You can listen to the complete album, along with a 1978 Segue Series reading (with selections from Blood and Guts in High School), recordings from SUNY-Buffalo in 1979 and 1995, and several recordings surrounding Acker's late novel, Pussy, King of the Pirates, including the 1995 album of the same name she recorded with the Mekons by clicking here. As always, we're grateful to Matias Viegener and the Acker estate for their permission to share these recordings with our listeners.

A Celebration of Gerrit Lansing, 2018

Posted 2/15/2019

This week marked the one year anniversary of the passing of poet Gerrit Lansing, so it's a fitting occasion to highlight this recently-added tribute reading held in his honor in Kingston, NY on October 20th of last year.
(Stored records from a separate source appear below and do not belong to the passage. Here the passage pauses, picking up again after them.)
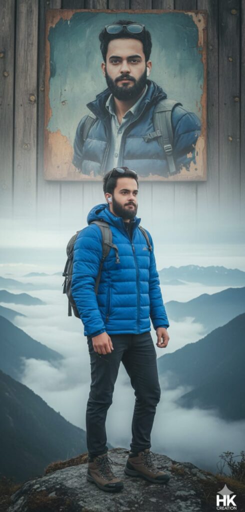 Ultra-realistic, high-fashion editorial portrait of a stylish young man with the exact attached face, emanating quiet strength. He stands confidently on a misty mountain peak in the Himalayas, overlooking a breathtaking valley. He’s dressed in a puffer jacket in a vibrant sapphire blue, sleek technical trousers, and robust, branded hiking boots. adds an adventurous edge. Soft, diffused light filters through the clouds, creating a majestic, ethereal glow. Behind him, a massive, faded painting on a rustic wooden lodge wall portrays the same man as a contemplative wanderer, adding a touch of philosophical depth.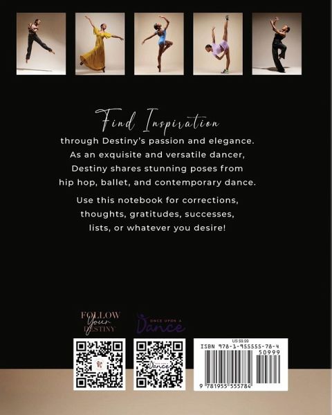Find Inspiration through Destiny's passion and elegance. As an exquisite and versatile dancer, Destiny shares stunning poses from hip hop, ballet, and contemporary dance. ¿Use this notebook for corrections, thoughts, gratitudes, successes, lists, or whatever you desire! The left side has full-body studio photographs, and the right side has wide-ruled lines.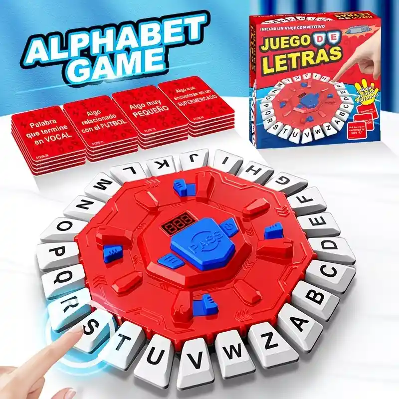 Pon a prueba tu mente con este juego de mesa dinámico donde la rapidez y la creatividad lo son todo. Gira, presiona y responde antes que los demás usando las letras del tablero para cumplir cada reto. Cada partida es diferente gracias a sus cartas con desafíos variados, haciendo que la diversión nunca se repita. Perfecto para jugar con amigos o en familia y convertir cualquier momento en pura competencia. Incluye contenido emocionante: 35 tarjetas temáticas Más de 70 retos diferentes Dinámicas como: palabras por categoría, objetos, características y más Lo que lo hace único: Juego rápido y súper entretenido Desarrolla agilidad mental y vocabulario Tablero interactivo con botones de letras Ideal para reuniones, fiestas y retos entre amigos

The event begins with introductions by Michael Bisio (who also performs) and Pierre Joris, then continues with sets by Tamas Panitz, T. Urayoán Noel, Nicole PeyrafitteGeorge Quasha, Joris, Don Byrd, Charles Stein, and Robert Kelly. You can listen to the complete event, which has conveniently been broken into individual MP3 files here, and while you're at it, why not take a spin through the recordings of Lansing we're honored to host on his PennSound author page, including a wonderful, intimate Close Listening program with Charles Bernstein and special guest Susan Howe, which was recorded at Lansing's Gloucester, MA home in 2012. Those wanting to learn more about the late poet should also check out the "Mass: Gerrit Lansing," feature at Jacket2, which is part of Jim Dunn and Kevin Gallagher's sprawling and marvelous 2012 feature, “Mass: Raw Poetry from the Commonwealth of Massachusetts.”
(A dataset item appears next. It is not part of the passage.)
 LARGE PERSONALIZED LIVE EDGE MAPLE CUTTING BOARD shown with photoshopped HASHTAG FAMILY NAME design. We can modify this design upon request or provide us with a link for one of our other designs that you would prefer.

Hannah Weiner: Two Newly Segmented 1983 Recordings

Posted 2/13/2019

Thanks to the efforts of PennSound staffer Luisa Healey, today we're happy to present two newly-segmented recordings from Hannah Weiner. Both are related to her October 10, 1983 appearance at the Ear Inn as part of the Segue Series: first, there's her complete set, which, after introductory comments, showcases selections from her 1984 Sun and Moon book SPOKE. Weiner reads "AUG 1," "AUG 3," "SEPT 4," "SEPT 6," and "SEPT survive 11." The second recording, an excerpt released on the 1994 CD Live at the Ear Inn, comes from that same reading.
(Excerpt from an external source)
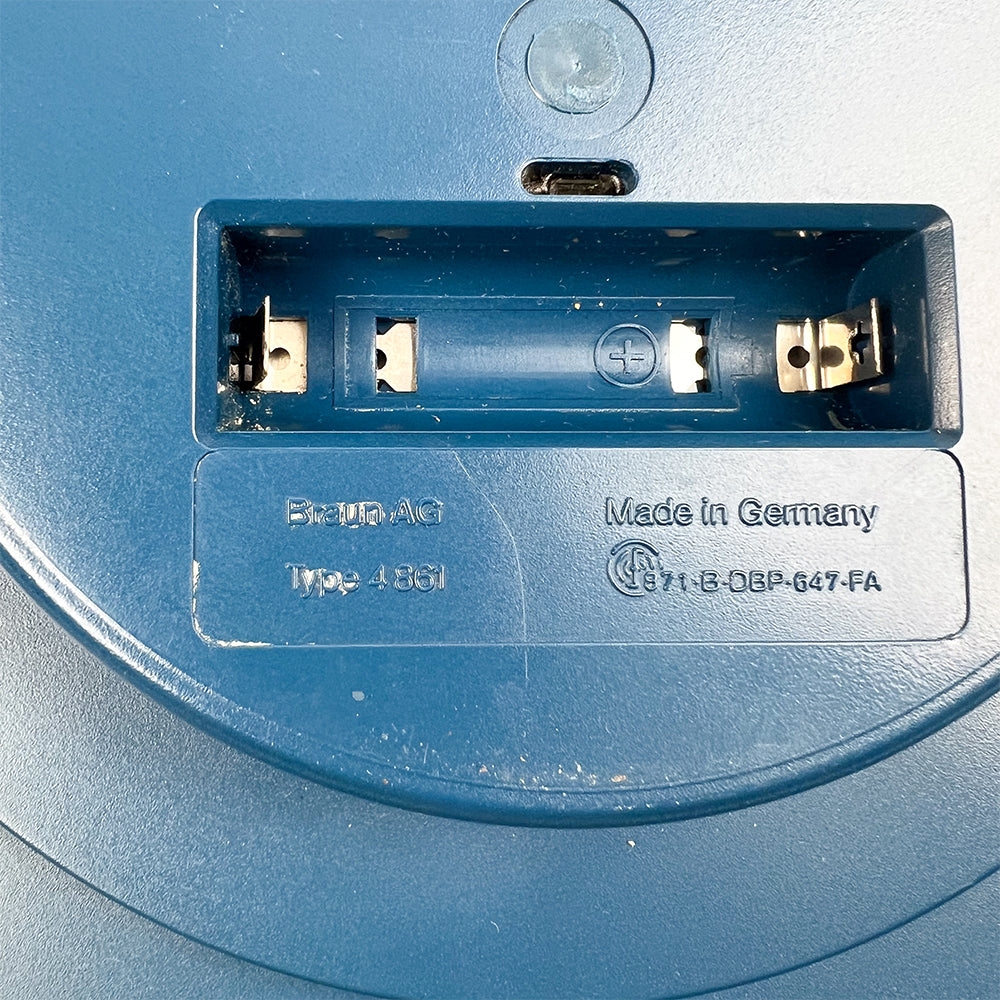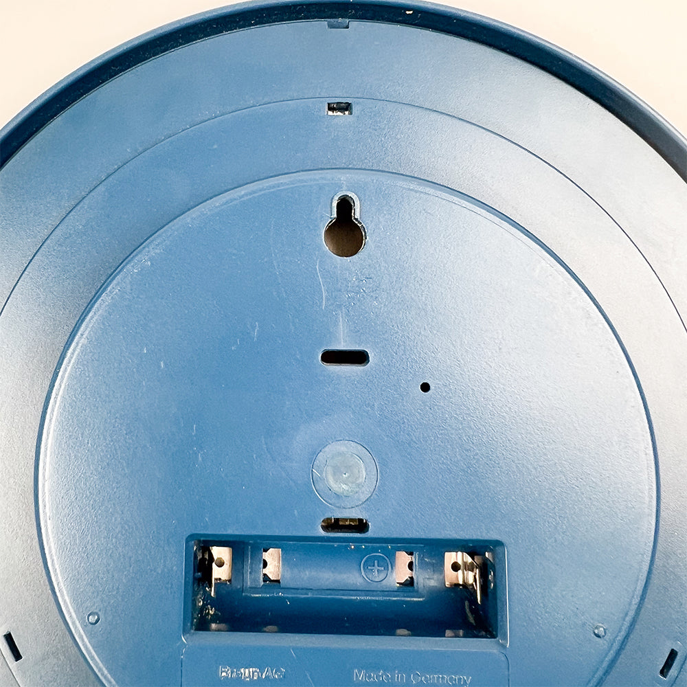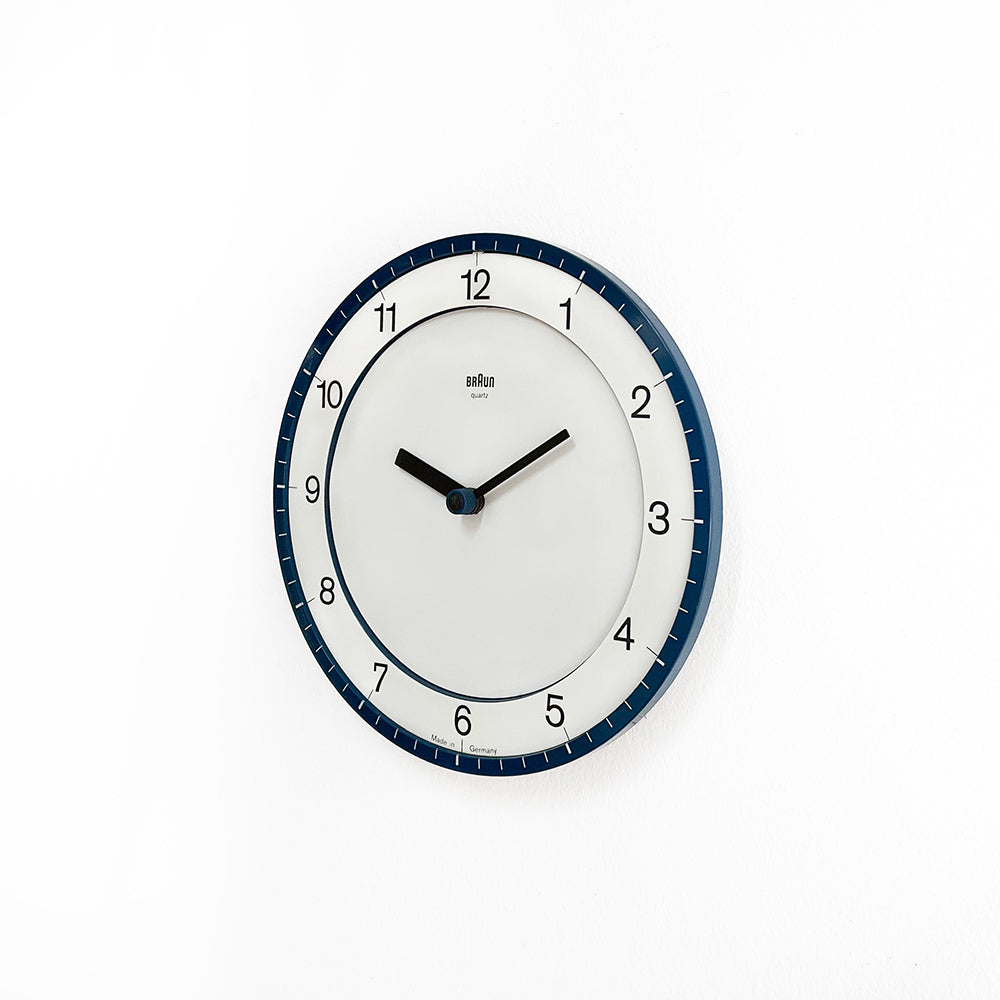 ディートリッヒ・ルブスがブラウンのために1982年にデザインした壁掛け時計4861。 側面と背面は青いプラスチック、前面はメタリックグレー。 直径20cm。状態良好。単3電池1本で動作します。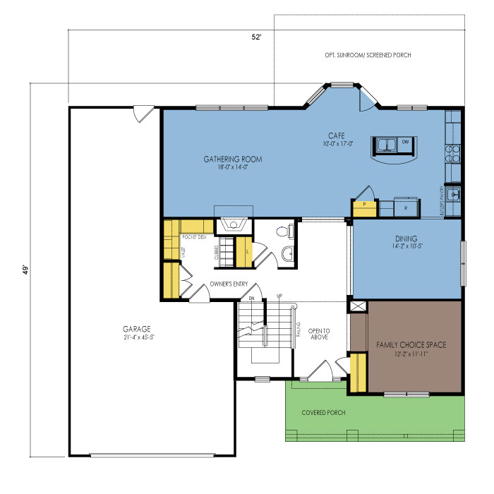 A part of our designer serie, the whispering lakes floor plan features 4 bedrooms and 2.5 bathrooms with a foot print of 52x49 feet and 2611 total square feet of living space. Floor Plan #DN218

As Patrick Durgin notes in his introduction to a recent edition of Weiner's Clairvoyant Journal, the poet made a distinction between SPOKE and her contemporaneous project, WEEKS: "SPOKE was written clairvoyantly. I saw the words in small groups on my forehead and wrote them down in a notebook. The large words were seen on the notebook page." In Weiner's "Working Notes," published in the January 1987 issue of HOW(ever): "I wrote it one summer late at night, in bed, in my mother's home." You can read the book in its entirety at Eclipse here, and  of course, don't forget that you can browse through an impressive archive of this important poet's work on PennSound's Hannah Weiner author page.